### [YOUR TASK]
From the first line to the last, retype everything below exactly, minus the pictures.

### [DATASET SECTION]

*** Block opens ***

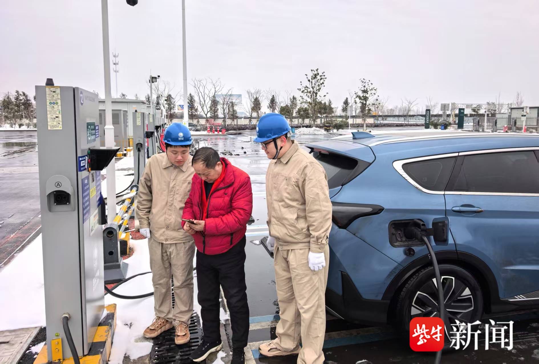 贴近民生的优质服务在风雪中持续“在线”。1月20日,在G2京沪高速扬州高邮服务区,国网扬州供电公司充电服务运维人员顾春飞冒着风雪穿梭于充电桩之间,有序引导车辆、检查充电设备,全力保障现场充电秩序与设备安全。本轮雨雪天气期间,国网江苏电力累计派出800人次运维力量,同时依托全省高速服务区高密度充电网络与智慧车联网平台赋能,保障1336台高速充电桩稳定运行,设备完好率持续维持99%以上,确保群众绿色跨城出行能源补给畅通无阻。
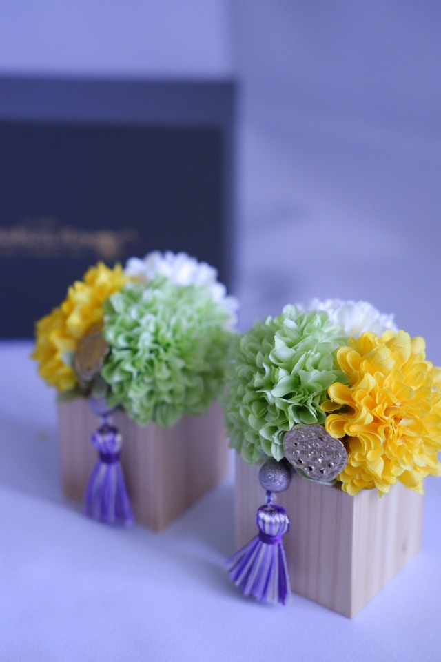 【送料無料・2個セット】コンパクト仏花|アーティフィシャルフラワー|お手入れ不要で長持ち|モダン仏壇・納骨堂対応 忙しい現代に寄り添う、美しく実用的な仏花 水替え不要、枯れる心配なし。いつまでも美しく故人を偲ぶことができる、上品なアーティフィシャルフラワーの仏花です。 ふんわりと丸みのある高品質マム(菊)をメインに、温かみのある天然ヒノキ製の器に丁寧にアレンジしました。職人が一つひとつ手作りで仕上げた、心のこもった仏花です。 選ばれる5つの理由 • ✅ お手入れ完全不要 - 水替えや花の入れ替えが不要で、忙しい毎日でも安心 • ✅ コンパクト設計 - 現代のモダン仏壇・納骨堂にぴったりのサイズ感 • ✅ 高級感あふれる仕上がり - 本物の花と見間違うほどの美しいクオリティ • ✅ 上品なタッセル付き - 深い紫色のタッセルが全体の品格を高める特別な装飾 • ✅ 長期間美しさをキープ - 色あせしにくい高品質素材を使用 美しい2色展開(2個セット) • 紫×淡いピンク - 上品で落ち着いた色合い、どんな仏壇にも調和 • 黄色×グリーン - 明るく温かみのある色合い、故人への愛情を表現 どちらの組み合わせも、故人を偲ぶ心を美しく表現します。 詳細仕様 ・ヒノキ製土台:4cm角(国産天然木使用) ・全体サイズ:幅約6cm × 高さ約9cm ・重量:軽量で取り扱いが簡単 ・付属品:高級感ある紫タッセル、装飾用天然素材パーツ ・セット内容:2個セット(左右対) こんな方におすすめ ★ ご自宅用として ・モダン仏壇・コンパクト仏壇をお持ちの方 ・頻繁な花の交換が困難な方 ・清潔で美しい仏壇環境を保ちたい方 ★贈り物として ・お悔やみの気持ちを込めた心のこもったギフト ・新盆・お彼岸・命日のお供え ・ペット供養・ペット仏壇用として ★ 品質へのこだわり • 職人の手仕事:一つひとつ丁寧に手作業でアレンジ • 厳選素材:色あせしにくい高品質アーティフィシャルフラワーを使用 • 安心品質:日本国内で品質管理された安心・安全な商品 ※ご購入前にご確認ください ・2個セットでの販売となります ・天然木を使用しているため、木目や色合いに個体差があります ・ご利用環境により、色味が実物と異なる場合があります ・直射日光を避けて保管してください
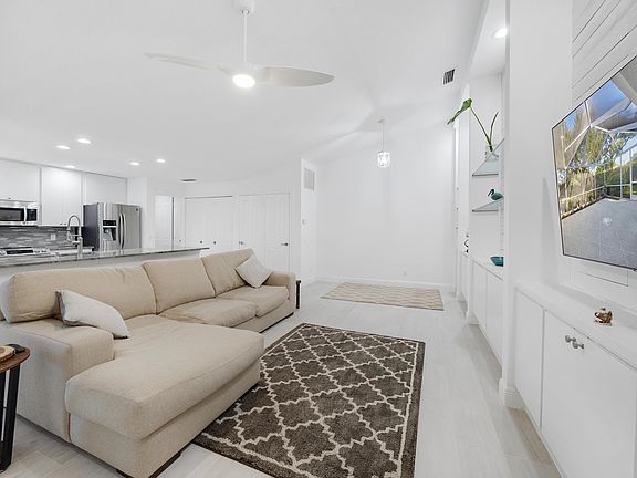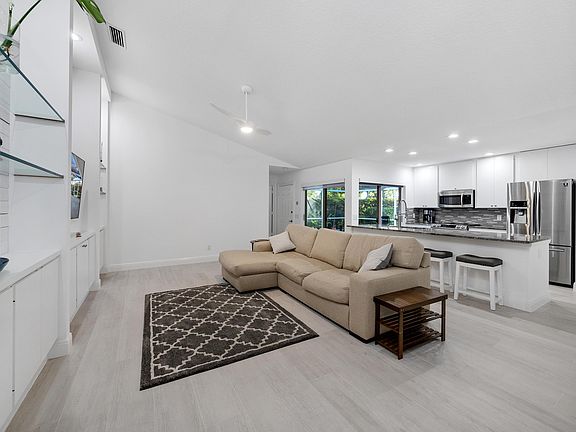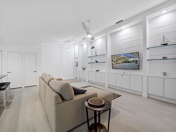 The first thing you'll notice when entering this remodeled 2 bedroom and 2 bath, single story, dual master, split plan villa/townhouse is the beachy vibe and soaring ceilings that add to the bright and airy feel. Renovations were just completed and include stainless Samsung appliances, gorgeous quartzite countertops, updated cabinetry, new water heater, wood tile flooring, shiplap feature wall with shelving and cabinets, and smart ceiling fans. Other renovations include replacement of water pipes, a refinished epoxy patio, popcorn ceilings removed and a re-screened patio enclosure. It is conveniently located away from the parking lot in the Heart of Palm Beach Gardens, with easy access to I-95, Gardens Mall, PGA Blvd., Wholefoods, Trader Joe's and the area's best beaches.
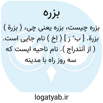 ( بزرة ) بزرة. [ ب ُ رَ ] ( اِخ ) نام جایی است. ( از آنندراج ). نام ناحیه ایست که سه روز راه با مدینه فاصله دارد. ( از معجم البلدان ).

*** Block closes ***

### [SOLUTION FOR THIS TASK]
 贴近民生的优质服务在风雪中持续“在线”。1月20日,在G2京沪高速扬州高邮服务区,国网扬州供电公司充电服务运维人员顾春飞冒着风雪穿梭于充电桩之间,有序引导车辆、检查充电设备,全力保障现场充电秩序与设备安全。本轮雨雪天气期间,国网江苏电力累计派出800人次运维力量,同时依托全省高速服务区高密度充电网络与智慧车联网平台赋能,保障1336台高速充电桩稳定运行,设备完好率持续维持99%以上,确保群众绿色跨城出行能源补给畅通无阻。
 【送料無料・2個セット】コンパクト仏花|アーティフィシャルフラワー|お手入れ不要で長持ち|モダン仏壇・納骨堂対応 忙しい現代に寄り添う、美しく実用的な仏花 水替え不要、枯れる心配なし。いつまでも美しく故人を偲ぶことができる、上品なアーティフィシャルフラワーの仏花です。 ふんわりと丸みのある高品質マム(菊)をメインに、温かみのある天然ヒノキ製の器に丁寧にアレンジしました。職人が一つひとつ手作りで仕上げた、心のこもった仏花です。 選ばれる5つの理由 • ✅ お手入れ完全不要 - 水替えや花の入れ替えが不要で、忙しい毎日でも安心 • ✅ コンパクト設計 - 現代のモダン仏壇・納骨堂にぴったりのサイズ感 • ✅ 高級感あふれる仕上がり - 本物の花と見間違うほどの美しいクオリティ • ✅ 上品なタッセル付き - 深い紫色のタッセルが全体の品格を高める特別な装飾 • ✅ 長期間美しさをキープ - 色あせしにくい高品質素材を使用 美しい2色展開(2個セット) • 紫×淡いピンク - 上品で落ち着いた色合い、どんな仏壇にも調和 • 黄色×グリーン - 明るく温かみのある色合い、故人への愛情を表現 どちらの組み合わせも、故人を偲ぶ心を美しく表現します。 詳細仕様 ・ヒノキ製土台:4cm角(国産天然木使用) ・全体サイズ:幅約6cm × 高さ約9cm ・重量:軽量で取り扱いが簡単 ・付属品:高級感ある紫タッセル、装飾用天然素材パーツ ・セット内容:2個セット(左右対) こんな方におすすめ ★ ご自宅用として ・モダン仏壇・コンパクト仏壇をお持ちの方 ・頻繁な花の交換が困難な方 ・清潔で美しい仏壇環境を保ちたい方 ★贈り物として ・お悔やみの気持ちを込めた心のこもったギフト ・新盆・お彼岸・命日のお供え ・ペット供養・ペット仏壇用として ★ 品質へのこだわり • 職人の手仕事:一つひとつ丁寧に手作業でアレンジ • 厳選素材:色あせしにくい高品質アーティフィシャルフラワーを使用 • 安心品質:日本国内で品質管理された安心・安全な商品 ※ご購入前にご確認ください ・2個セットでの販売となります ・天然木を使用しているため、木目や色合いに個体差があります ・ご利用環境により、色味が実物と異なる場合があります ・直射日光を避けて保管してください
 The first thing you'll notice when entering this remodeled 2 bedroom and 2 bath, single story, dual master, split plan villa/townhouse is the beachy vibe and soaring ceilings that add to the bright and airy feel. Renovations were just completed and include stainless Samsung appliances, gorgeous quartzite countertops, updated cabinetry, new water heater, wood tile flooring, shiplap feature wall with shelving and cabinets, and smart ceiling fans. Other renovations include replacement of water pipes, a refinished epoxy patio, popcorn ceilings removed and a re-screened patio enclosure. It is conveniently located away from the parking lot in the Heart of Palm Beach Gardens, with easy access to I-95, Gardens Mall, PGA Blvd., Wholefoods, Trader Joe's and the area's best beaches.
 ( بزرة ) بزرة. [ ب ُ رَ ] ( اِخ ) نام جایی است. ( از آنندراج ). نام ناحیه ایست که سه روز راه با مدینه فاصله دارد. ( از معجم البلدان ).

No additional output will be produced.